Hala Kamil odwróciła twarz w stronę mokrej od deszczu szyby samochodu.

– Więc po to szukałeś mojego towarzystwa, żeby mi to powiedzieć?

Yerli wziął głęboki oddech.

– Potrzebuję twojej pomocy.

– Czy wiąże się to z ONZ, czy z Francją?

– I z ONZ, i z Francją.

– Spotykasz się ze mną tylko wtedy, kiedy jestem ci do czegoś potrzebna. Wykorzystujesz moje uczucie do swoich małych, szpiegowskich rozgrywek. Jesteś człowiekiem bez skrupułów!





Yerli nie odpowiedział. Zadała więc pytanie, na które czekał.

– Co mam dla ciebie zrobić?

– Zespół epidemiologów z WHO – zaczął ożywiony – bada przyczynę jakiejś strasznej choroby w malijskiej części Sahary.

– Znam ten projekt, dostałam ofcjalny raport. Zespołem kieruje doktor Frank Hopper?

– Zgadza się.

– Hopper jest świetnym naukowcem.

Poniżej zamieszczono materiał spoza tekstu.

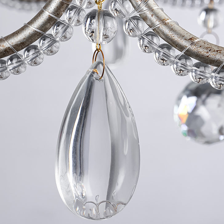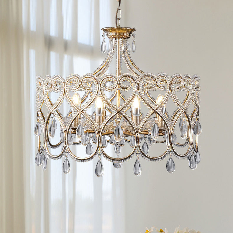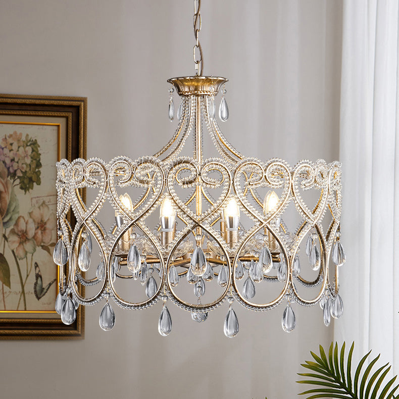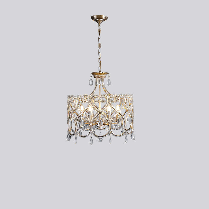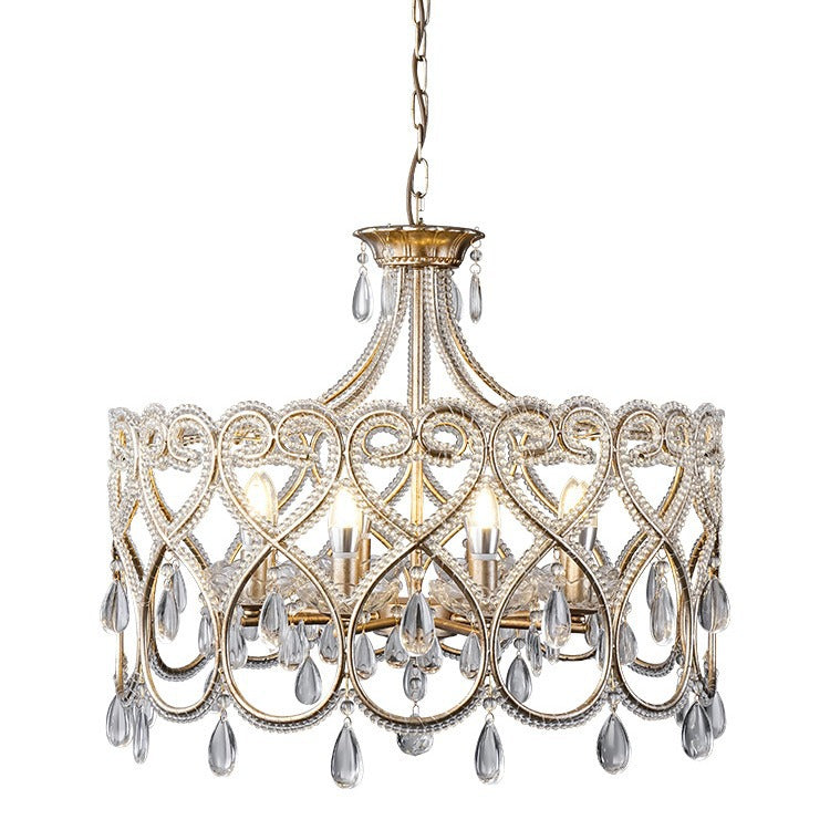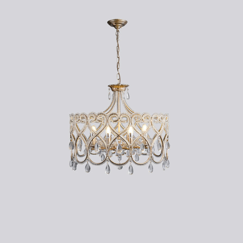 Traditional French Iron Heart Shaped Frame Crystal Decor 6/8-Light Chandelier For Dining Room

Czy jesteś w to włączony?

– Do mnie należy koordynacja ich podróży, logistyka, żywność, transport, ekwipunek naukowy i tym podobne.

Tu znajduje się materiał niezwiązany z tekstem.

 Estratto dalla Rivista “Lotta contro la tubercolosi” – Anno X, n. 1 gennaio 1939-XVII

– Nie widzę, w czym mogłabym ci pomóc.

– Chciałbym, żebyś użyła swoich wpływów do ściągnięcia ich z powrotem.

– Dlaczego ci na tym zależy? – spojrzała na niego ze zdziwieniem.

– Ponieważ znajdują się w wielkim niebezpieczeństwie. Wiem z dobrych źródeł, że mają być zamordowani przez zachodnioafrykańskich terrorystów.

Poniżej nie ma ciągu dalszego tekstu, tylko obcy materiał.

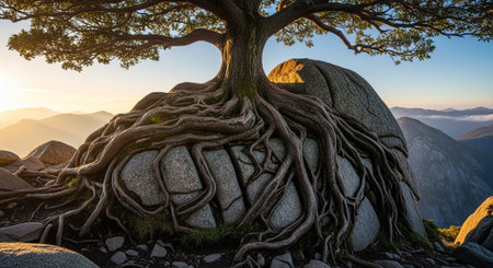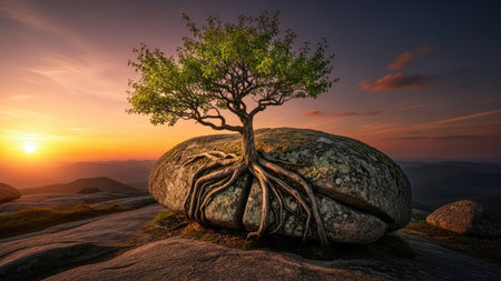 A tree with visible roots grows on a large rock, set against an orange and purple sunset. The image displays a natural landscape with soft lighting, highlighting textures. This visual is suitable for illustrative purposes, editorial content, and various design applications.
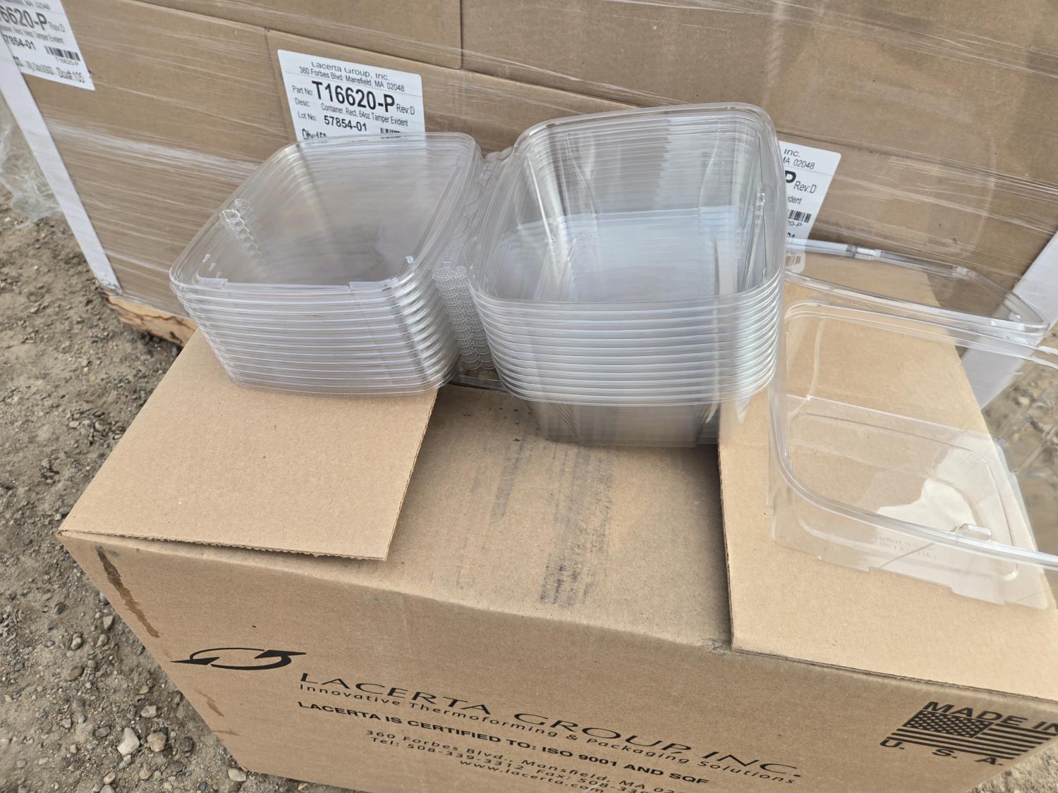 7396 (25) Boxes of Lacerta 64 oz Tamper Evident Plastic Food Containers (Unused)

– Nie chce mi się w to wierzyć.

– Niestety, to prawda – odparł poważnie. – Na pokładzie ich samolotu umieszczono bombę, która ma eksplodować nad pustynią.

– Dla kogo pracujesz? – spytała pani Kamil z przerażeniem. – Dlaczego przychodzisz z tym do mnie? Dlaczego nie uprzedziłeś doktora Hoppera?

– Próbowałem, ale straciłem z nim łączność.

– Czy nie można się z tym zwrócić do władz malijskich?

Yerli zaprzeczył.

– Generał Kazim traktuje ich jak intruzów i wcale mu na nich nie zależy.

– Czuję, że kryje się w tym coś więcej, niż zwykła groźba bomby.

– Uwierz mi, Hala – spojrzał jej prosto w oczy. – Chcę tylko uratować doktora Hoppera i jego ludzi.

Chciała mu wierzyć, ale nie mogła. Czuła, że ją okłamuje.

– Zdaje się, że wszyscy zaczęli interesować się skażeniem środowiska w Mali. I wszystkich trzeba ratować z opresji.

Yerli spojrzał zdziwiony, ale nic nie powiedział. Czekał na dalsze wyjaśnienia.

– Admirał Sandecker z Amerykańskiej Agencji Badań Morskich prosił mnie o zgodę na użycie specjalnego oddziału komandosów w celu wydostania trzech jego ludzi z rąk malijskich sił bezpieczeństwa.

– Więc Amerykanie szukają źródeł skażenia w Mali?

– Tak, choć jest to misja nieoficjalna, której Malijczycy starają się przeszkodzić.

– Ci ludzie są już w malijskich rękach?

– Jeszcze cztery godziny temu nie byli.

– Gdzie są prowadzone te badania? – w głosie Yerli'ego dało się wyczuć zdenerwowanie.

– Na Nigrze.

Chwycił ją za ramię i spojrzał w napięciu.

– Co jeszcze wiesz o tej sprawie?

Przeszedł ją dreszcz.

– Amerykanie szukają jakiejś chemicznej substancji, powodującej nienormalny wzrost czerwonych glonów u wybrzeży Afryki – odparła.

– Czytałem coś o tym w prasie. Mów dalej.

– O ile wiem, wyprawili się łodzią na Niger, z ekwipunkiem i laboratorium badawczym na pokładzie. Szukają miejsca, z którego wypływa ta substancja.

– Znaleźli to miejsce?

– Według tego, co mówi Sandecker, dotarli w swoich poszukiwaniach aż do Gao.

– To są wszystko jakieś dezinformacje – Yerli nie był przekonany. – Za tym musi się kryć coś i

Pani Kamil potrząsnęła głową,

– W przeciwieństwie do ciebie, admirał jest człowiekiem bezinteresownym i prawdomównym.

– Powiedziałaś, że stoi za tym NUMA.

Potwierdziła skinieniem głowy.

– Nie CIA, czy jakaś i

Ujęła go za rękę i uśmiechnęła się.

– Chcesz przez to powiedzieć, że twój wspaniały wywiad w zachodniej Afryce nie ma pojęcia, że Amerykanie pracują pod ich nosem?